(MATERIAL PROVIDED):
[Start of Attachment]

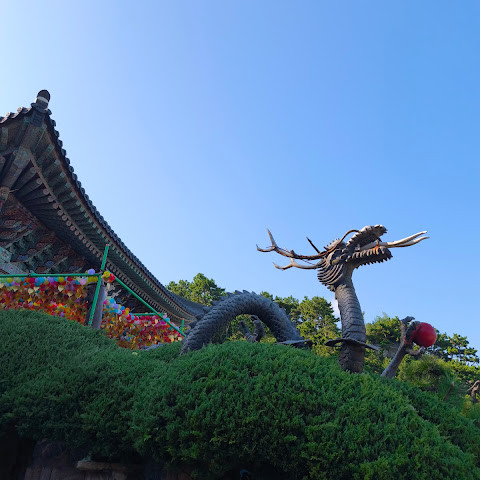 한국에서 가장 아름다운 사찰이에요... 산에 둘러싸여 있고 바다를 마주하고 있어요! 모든 곳이 아름다워요 ~ 어르신들만 빼고요. 어르신들은 걸어 내려가기 조금 힘들 수도 있어요 😥... 그 외에는 모두 꼭 한번 가보시길 추천드려요 👀
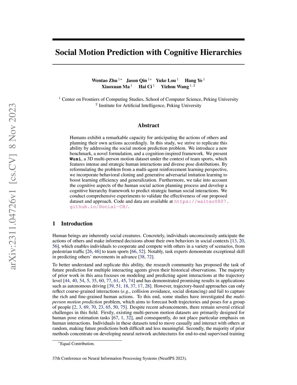 Humans exhibit a remarkable capacity for anticipating the actions of others and planning their own actions accordingly. In this study, we strive to replicate this ability by addressing the social motion prediction problem. We introduce a new benchmark, a novel formulation, and a cognition-inspired framework. We present Wusi, a 3D multi-person motion dataset under the context of team sports, which features intense and strategic human interactions and diverse pose distributions. By reformulating the problem from a multi-agent reinforcement learning perspective, we incorporate behavioral cloning and generative adversarial imitation learning to boost learning efficiency and generalization. Furthermore, we take into account the cognitive aspects of the human social action planning process and develop a cognitive hierarchy framework to predict strategic human social interactions. We conduct comprehensive experiments to validate the effectiveness of our proposed dataset and approach. Code and data are available at https://walter0807.github.io/Social-CH/.
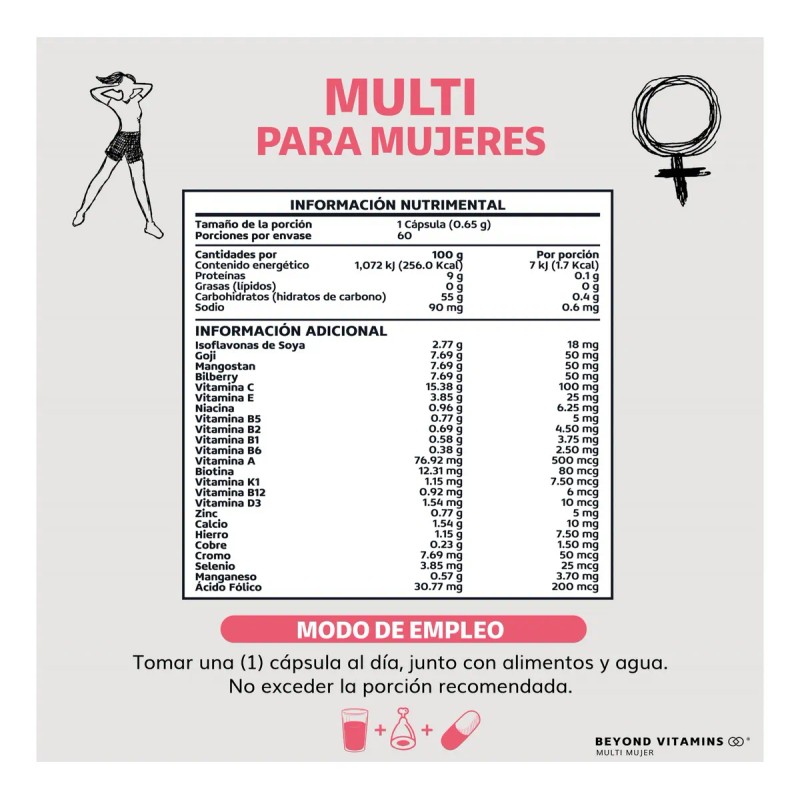 - +60 Cápsulas Multi Mujer Beyond Vitamins es un complejo de vitaminas que ofrece una combinación de ingredientes, incluyendo isoflavonas, mangostan, goji, bilberry y 20 vitaminas y minerales adicionales. Este producto no es un medicamento. El consumo de este producto es responsabilidad de quien lo recomienda y de quien lo usa. En caso de dudas, consulte a su médico. Características de Multi Mujer Beyond Vitamins: Libre de azúcares, lácteos y soya Libre de edulcorantes, colorantes, saborizantes, ingredientes artificiales ni conservantes No contiene hormonas No contiene antibióticos MODO DE EMPLEO: Tomar una (1) cápsula al día, preferiblemente junto con alimentos (idealmente con grasas saludables, tales como aguacate, nueces, semillas o aceites de oliva o vegetales) y agua. No exceder la porción recomendada. PRECAUCIONES: No se recomienda su uso en menores de 18 años, Manténgase fuera del alcance de los niños. Conservar en un lugar fresco y seco. No consumir si el sello ha sido violado. Consumir antes de la fecha de expiración. El consumo de este producto es responsabilidad de quién lo recomienda y de quién lo usa. RESTRICCIONES DE USO: No se recomienda el uso de este producto durante el embarazo y lactancia. Si se encuentra bajo tratamiento médico, presenta una condición médica o se encuentra próximo a un procedimiento quirúrgico, consultar un especialista antes de su consumo. En caso de generar alergia a algunos de sus componentes, suspenda su uso. Aviso legal
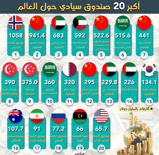 صناديق الثروة السيادية: هي صناديق استثمارية تملكها الدول ولكنها لا تكون تابعة لوزارات المالية أو البنوك المركزية وتأتي أغلب مواردها من إيرادات المواد الأولية وعلى رأسها النفط، والهدف هو إدارة واستثمار جزء من الفوائض المالية للدولة وفق خطة تجارية ربحية في عمليات استثمارية ذات أمد طويل خارج دول المنشأ.

[End of Attachment]

(WHAT IS REQUIRED):
Would you copy out all the data exactly, without the images?

(EXERCISE RESULT):
 한국에서 가장 아름다운 사찰이에요... 산에 둘러싸여 있고 바다를 마주하고 있어요! 모든 곳이 아름다워요 ~ 어르신들만 빼고요. 어르신들은 걸어 내려가기 조금 힘들 수도 있어요 😥... 그 외에는 모두 꼭 한번 가보시길 추천드려요 👀
 Humans exhibit a remarkable capacity for anticipating the actions of others and planning their own actions accordingly. In this study, we strive to replicate this ability by addressing the social motion prediction problem. We introduce a new benchmark, a novel formulation, and a cognition-inspired framework. We present Wusi, a 3D multi-person motion dataset under the context of team sports, which features intense and strategic human interactions and diverse pose distributions. By reformulating the problem from a multi-agent reinforcement learning perspective, we incorporate behavioral cloning and generative adversarial imitation learning to boost learning efficiency and generalization. Furthermore, we take into account the cognitive aspects of the human social action planning process and develop a cognitive hierarchy framework to predict strategic human social interactions. We conduct comprehensive experiments to validate the effectiveness of our proposed dataset and approach. Code and data are available at https://walter0807.github.io/Social-CH/.
 - +60 Cápsulas Multi Mujer Beyond Vitamins es un complejo de vitaminas que ofrece una combinación de ingredientes, incluyendo isoflavonas, mangostan, goji, bilberry y 20 vitaminas y minerales adicionales. Este producto no es un medicamento. El consumo de este producto es responsabilidad de quien lo recomienda y de quien lo usa. En caso de dudas, consulte a su médico. Características de Multi Mujer Beyond Vitamins: Libre de azúcares, lácteos y soya Libre de edulcorantes, colorantes, saborizantes, ingredientes artificiales ni conservantes No contiene hormonas No contiene antibióticos MODO DE EMPLEO: Tomar una (1) cápsula al día, preferiblemente junto con alimentos (idealmente con grasas saludables, tales como aguacate, nueces, semillas o aceites de oliva o vegetales) y agua. No exceder la porción recomendada. PRECAUCIONES: No se recomienda su uso en menores de 18 años, Manténgase fuera del alcance de los niños. Conservar en un lugar fresco y seco. No consumir si el sello ha sido violado. Consumir antes de la fecha de expiración. El consumo de este producto es responsabilidad de quién lo recomienda y de quién lo usa. RESTRICCIONES DE USO: No se recomienda el uso de este producto durante el embarazo y lactancia. Si se encuentra bajo tratamiento médico, presenta una condición médica o se encuentra próximo a un procedimiento quirúrgico, consultar un especialista antes de su consumo. En caso de generar alergia a algunos de sus componentes, suspenda su uso. Aviso legal
 صناديق الثروة السيادية: هي صناديق استثمارية تملكها الدول ولكنها لا تكون تابعة لوزارات المالية أو البنوك المركزية وتأتي أغلب مواردها من إيرادات المواد الأولية وعلى رأسها النفط، والهدف هو إدارة واستثمار جزء من الفوائض المالية للدولة وفق خطة تجارية ربحية في عمليات استثمارية ذات أمد طويل خارج دول المنشأ.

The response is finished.